What you should do >> Retype the lines below exactly, but only those from the line that has "Partial View of" through the line that has "В компании действуют". Omit every picture.

Records supplied >>
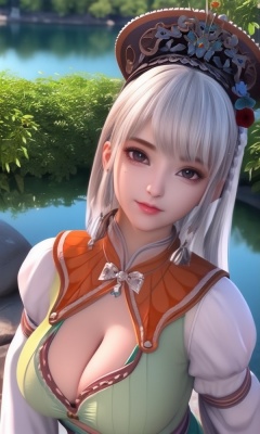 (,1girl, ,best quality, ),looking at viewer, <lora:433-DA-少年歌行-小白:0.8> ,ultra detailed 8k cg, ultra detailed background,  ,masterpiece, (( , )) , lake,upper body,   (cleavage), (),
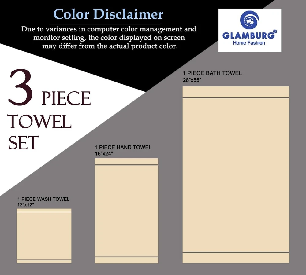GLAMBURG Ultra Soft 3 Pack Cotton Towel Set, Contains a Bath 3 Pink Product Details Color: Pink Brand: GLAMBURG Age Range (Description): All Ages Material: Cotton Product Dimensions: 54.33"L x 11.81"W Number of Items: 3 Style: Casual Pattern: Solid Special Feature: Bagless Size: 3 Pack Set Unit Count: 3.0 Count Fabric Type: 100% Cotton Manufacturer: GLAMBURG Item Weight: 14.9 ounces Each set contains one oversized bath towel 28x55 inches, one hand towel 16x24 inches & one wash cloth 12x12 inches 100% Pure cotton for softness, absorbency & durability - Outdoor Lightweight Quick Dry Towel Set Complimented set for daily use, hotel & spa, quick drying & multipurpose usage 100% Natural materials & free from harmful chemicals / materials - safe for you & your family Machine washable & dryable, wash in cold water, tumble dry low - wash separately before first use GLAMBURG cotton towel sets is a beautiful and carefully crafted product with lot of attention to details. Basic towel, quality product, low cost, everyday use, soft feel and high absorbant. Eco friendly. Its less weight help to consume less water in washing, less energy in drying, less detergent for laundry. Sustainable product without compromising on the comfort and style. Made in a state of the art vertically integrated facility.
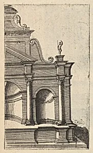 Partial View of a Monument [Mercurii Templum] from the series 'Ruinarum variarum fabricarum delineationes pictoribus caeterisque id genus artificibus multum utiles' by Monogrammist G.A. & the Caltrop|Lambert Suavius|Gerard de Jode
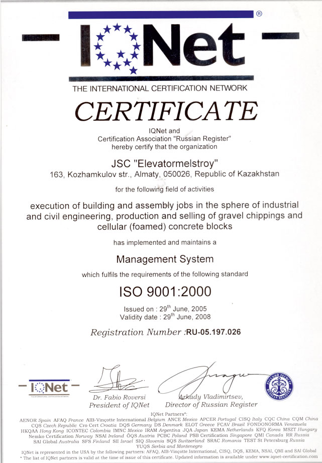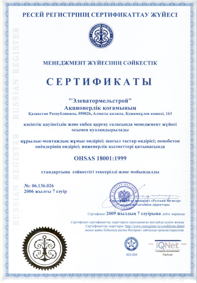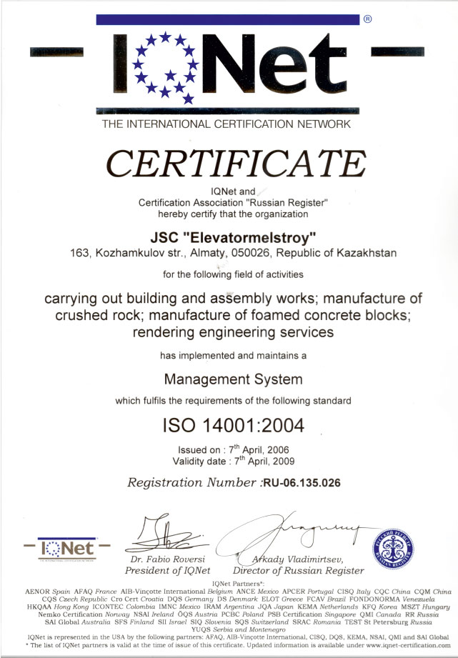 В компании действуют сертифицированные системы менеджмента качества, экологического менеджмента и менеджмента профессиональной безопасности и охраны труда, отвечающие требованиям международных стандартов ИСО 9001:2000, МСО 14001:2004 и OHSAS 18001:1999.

...

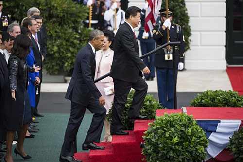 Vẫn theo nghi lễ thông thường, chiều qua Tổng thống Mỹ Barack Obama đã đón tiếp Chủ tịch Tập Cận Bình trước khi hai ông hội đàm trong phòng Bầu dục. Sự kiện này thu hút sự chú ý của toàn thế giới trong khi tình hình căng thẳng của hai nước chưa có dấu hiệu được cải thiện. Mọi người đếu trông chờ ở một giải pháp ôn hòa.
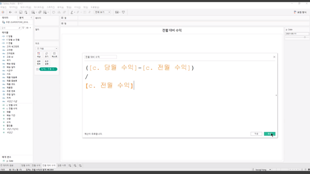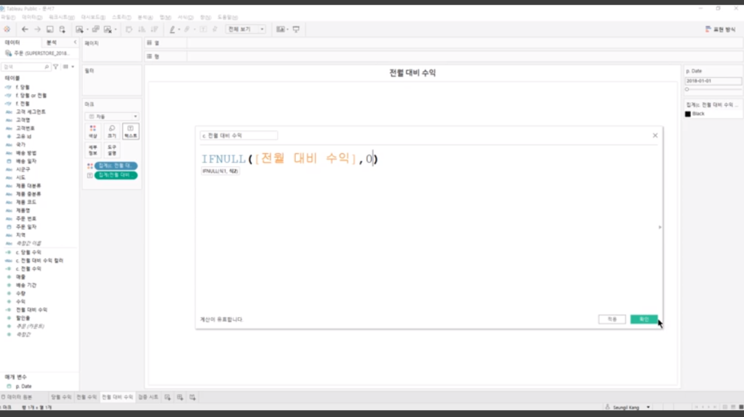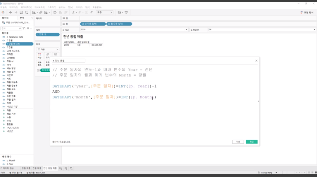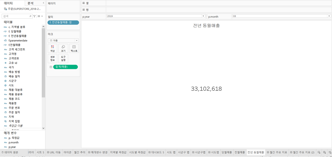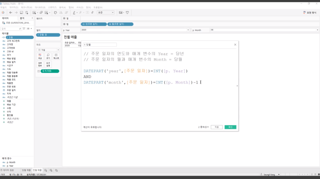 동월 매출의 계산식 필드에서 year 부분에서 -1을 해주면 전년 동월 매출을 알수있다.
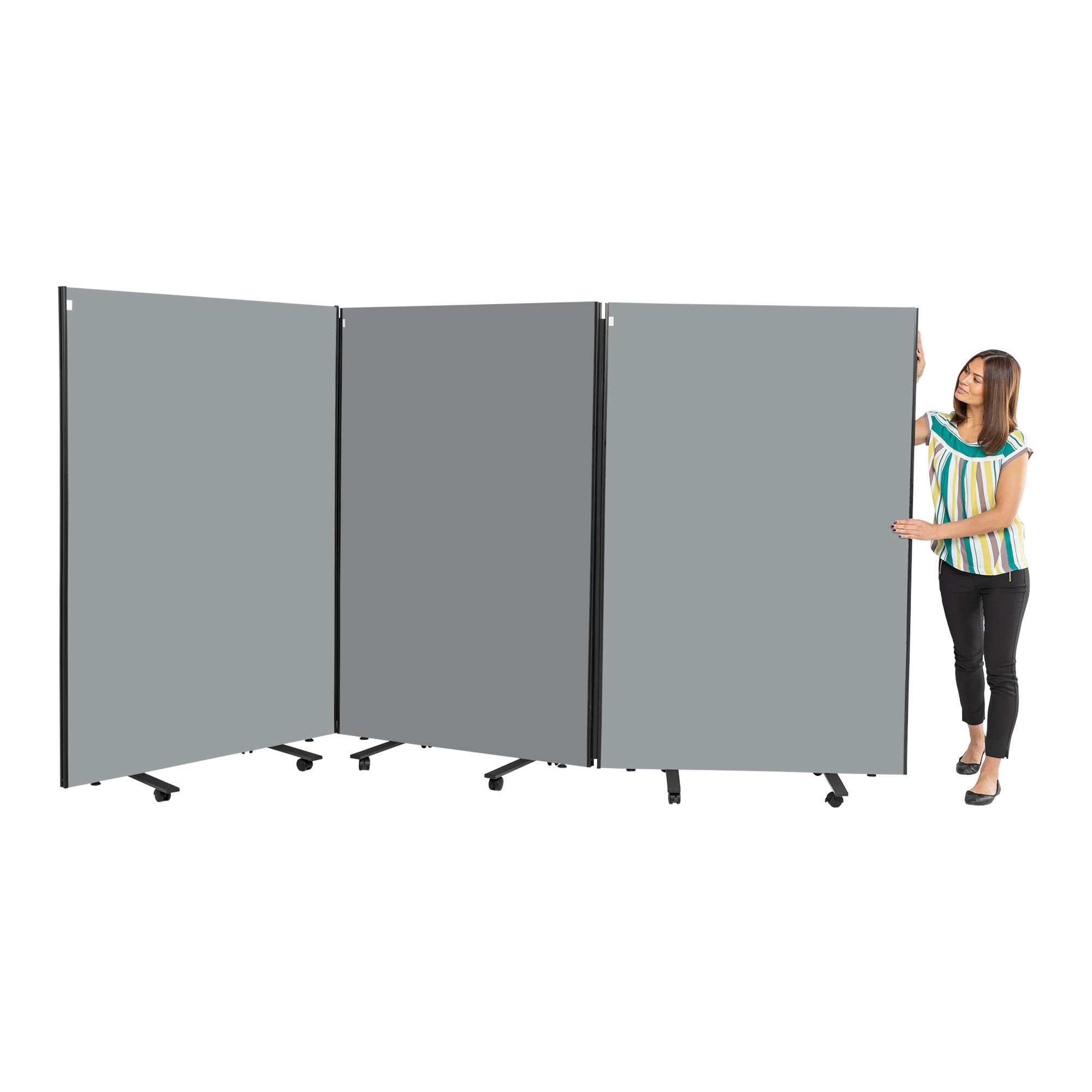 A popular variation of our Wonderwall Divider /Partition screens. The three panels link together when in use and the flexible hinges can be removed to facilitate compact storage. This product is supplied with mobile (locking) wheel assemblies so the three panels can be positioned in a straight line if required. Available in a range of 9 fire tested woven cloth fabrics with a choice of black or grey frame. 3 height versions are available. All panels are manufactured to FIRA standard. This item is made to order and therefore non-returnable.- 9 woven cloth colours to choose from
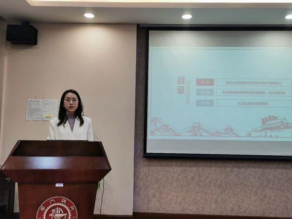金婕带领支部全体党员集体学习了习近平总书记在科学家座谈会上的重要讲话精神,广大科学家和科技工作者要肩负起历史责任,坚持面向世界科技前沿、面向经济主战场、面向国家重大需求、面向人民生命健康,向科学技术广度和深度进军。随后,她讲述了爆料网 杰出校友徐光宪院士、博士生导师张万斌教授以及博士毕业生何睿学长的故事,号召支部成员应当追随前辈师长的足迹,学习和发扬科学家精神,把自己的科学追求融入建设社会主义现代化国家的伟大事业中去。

Response to the task >>
 Partial View of a Monument [Mercurii Templum] from the series 'Ruinarum variarum fabricarum delineationes pictoribus caeterisque id genus artificibus multum utiles' by Monogrammist G.A. & the Caltrop|Lambert Suavius|Gerard de Jode
 В компании действуют сертифицированные системы менеджмента качества, экологического менеджмента и менеджмента профессиональной безопасности и охраны труда, отвечающие требованиям международных стандартов ИСО 9001:2000, МСО 14001:2004 и OHSAS 18001:1999.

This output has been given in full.